The underlying source of shift-reduce and reduce-reduce conflicts is an ambiguous grammar. A grammar is ambiguous if there exists a sentence that can be parsed in more than one way. A parse of a sentence can be graphically represented using a parse tree. A parse tree is a tree whose root is the start symbol of the grammar, non-leaf vertices are non-terminals, and leaves are terminals, where the structure of the tree represents the conformity of the sentence to the grammar. A parse tree is fully expanded. Specifically, it has no leaves that are non-terminals and all of its leaves are terminals that, when collected from left to right, constitute the expression whose parse it represents. Thus, a grammar is ambiguous if we can construct more than one parse tree for the same sentence from the language defined by the grammar. Figure 2.3 gives parse trees for the expression Expression reads: x plus y asterisk z. derived from the four-function calculator grammar in Section 2.6. The left tree represents the first parse and the right tree represents the second parse. The existence of these trees proves that the grammar is ambiguous. The last grammar in Section 2.8.1 is also ambiguous; a proof of ambiguity exists in Figure 2.4, which contains two parse trees for the expression x.

An illustration of two parse trees for the expression x plus y star z.

Figure 2.3 Two parse trees for the expression x + y * z.

Description
An illustration of two parse trees for the expression x.
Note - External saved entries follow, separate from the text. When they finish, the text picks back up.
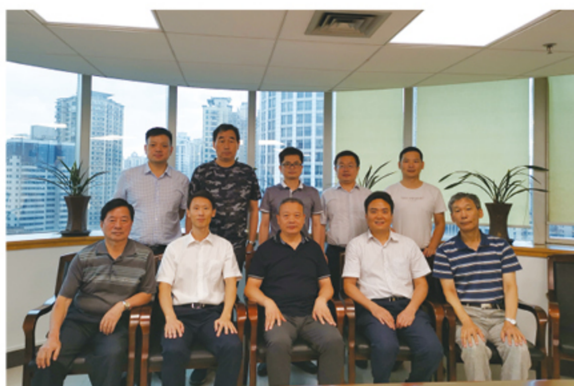
走访广东省交通厅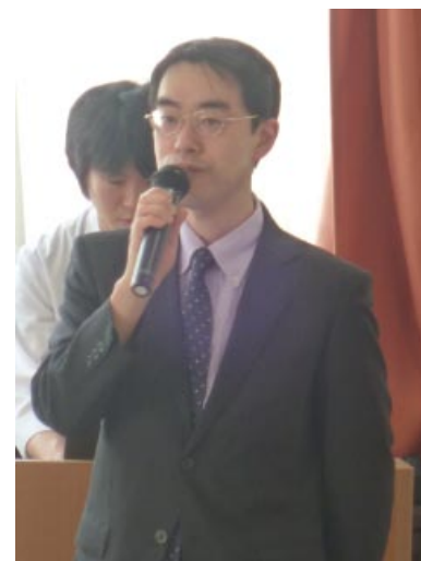
質疑応答など 津村副会長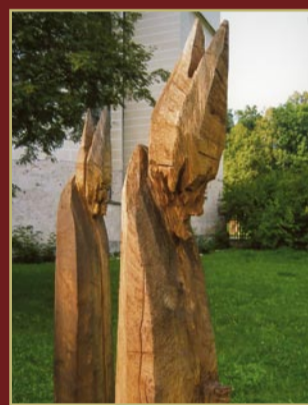
Kunstwerk im Klostersgarten „Die Stellvertreter“

Raitenhaslach war schon mehrmals Drehort von Fernsehserien.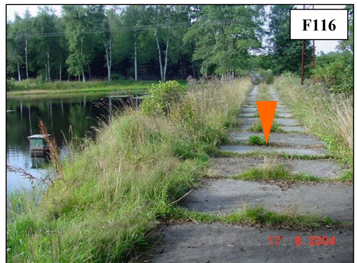
Koruna hráze s označením nejnižšího bodu hráze.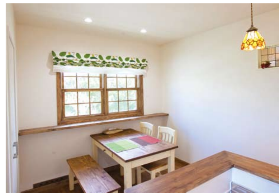
木製サッシの上げ下げ窓と作り付けの棚がカフェを思わせるダイニング。木の葉模様のシェードや小さなニッチ、スタンドグラスを施した照明でナチュラルな中に可愛らしさをプラス

Figure 2.4 Parse trees for the expression x.

Description

Ambiguity is a term used to describe a grammar, whereas a shift-reduce conflict and a reduce-reduce conflict are phrases used to describe a particular parse. However, each concept is a different side of the same coin. If a grammar is ambiguous, a bottom-up parse of a sentence in the language the grammar defines will exhibit either a shift-reduce or reduce-reduce conflict, and vice versa.
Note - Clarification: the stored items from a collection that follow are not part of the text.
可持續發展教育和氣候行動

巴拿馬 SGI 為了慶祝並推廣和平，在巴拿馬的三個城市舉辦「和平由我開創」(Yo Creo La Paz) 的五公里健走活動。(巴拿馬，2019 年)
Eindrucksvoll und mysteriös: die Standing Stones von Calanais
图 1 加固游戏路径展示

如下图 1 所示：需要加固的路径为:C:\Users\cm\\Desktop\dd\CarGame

Thus, proving a grammar is ambiguous is a straightforward process. All we need to do is build two parse trees for the same expression. Much more difficult, by comparison, is proving that a grammar is unambiguous.
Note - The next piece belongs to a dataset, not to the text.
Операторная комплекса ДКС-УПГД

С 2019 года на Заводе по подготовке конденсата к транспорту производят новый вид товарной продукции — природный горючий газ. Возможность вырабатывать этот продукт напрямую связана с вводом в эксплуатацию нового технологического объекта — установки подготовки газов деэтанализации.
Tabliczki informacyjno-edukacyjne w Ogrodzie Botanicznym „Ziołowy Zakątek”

It is important to note that a parse tree is not a derivation, or vice versa. A derivation illustrates how to generate a sentence. A parse tree illustrates the opposite—how to recognize a sentence. However, both prove a sentence is in a language (Table 2.7). Moreover, while multiple derivations of a sentence (as illustrated in Section 2.6) are not a problem, having multiple parse trees for a sentence is a problem—not from a recognition standpoint, but rather from an interpretation (i.e., meaning) perspective. Consider Table 2.8, which contains four sentences from the four-function calculator grammar in Section 2.6. While the first sentence 132 has multiple derivations, it has only one parse tree (Figure 2.5) and, therefore, only one meaning. The second expression, 1 plus 3 plus 2., in contrast, has multiple derivations and multiple parse trees. However, those parse trees (Figure 2.6) all convey the same meaning (i.e., 6). The third expression, 1 plus 3 asterisk 2., also has multiple derivations and parse trees (Figure 2.7). However, its parse trees each convey a different meaning (i.e., 7 or 8). Similarly, the fourth expression, 6 minus 3 minus 2., has multiple derivations and parse trees (Figure 2.8), and those parse trees each have different interpretations (i.e., 1 or 5). The last three rows of Table 2.8 show the grammar to be ambiguous even though the ambiguity manifested in the expression 1 plus 3 plus 2. is of no consequence to interpretation. The third expression demonstrates the need for rules establishing precedence among operators, and the fourth expression illustrates the need for rules establishing how each operator associates (left-to-right or right-to-left).

Table 2.7 The Dual Use of Grammars: For Generation (Constructing a Derivation) and Recognition (Constructing a Parse Tree)

A derivation

generates

a sentence in a formal language.

A parse tree

recognizes

a sentence in a formal language.

Both

prove

a sentence is in a formal language.

Table 2.8 Effect of Ambiguity on Semantics

A table of derivation, parse trees, and semantics for a sentence.
Description
An illustration of a parse tree for the expression 1 3 2.

Figure 2.5 Parse tree for the expression 132.

Description
Two parse trees for the expression 1 plus 3 plus 2.

Figure 2.6 Parse trees for the expression 1 + 3 + 2.

Description
Two parse trees for the expression 1 plus 3 star 2.

Figure 2.7 Parse trees for the expression 1 + 3 * 2.

Description
Two parse trees for the expression 6 minus 3 minus 2.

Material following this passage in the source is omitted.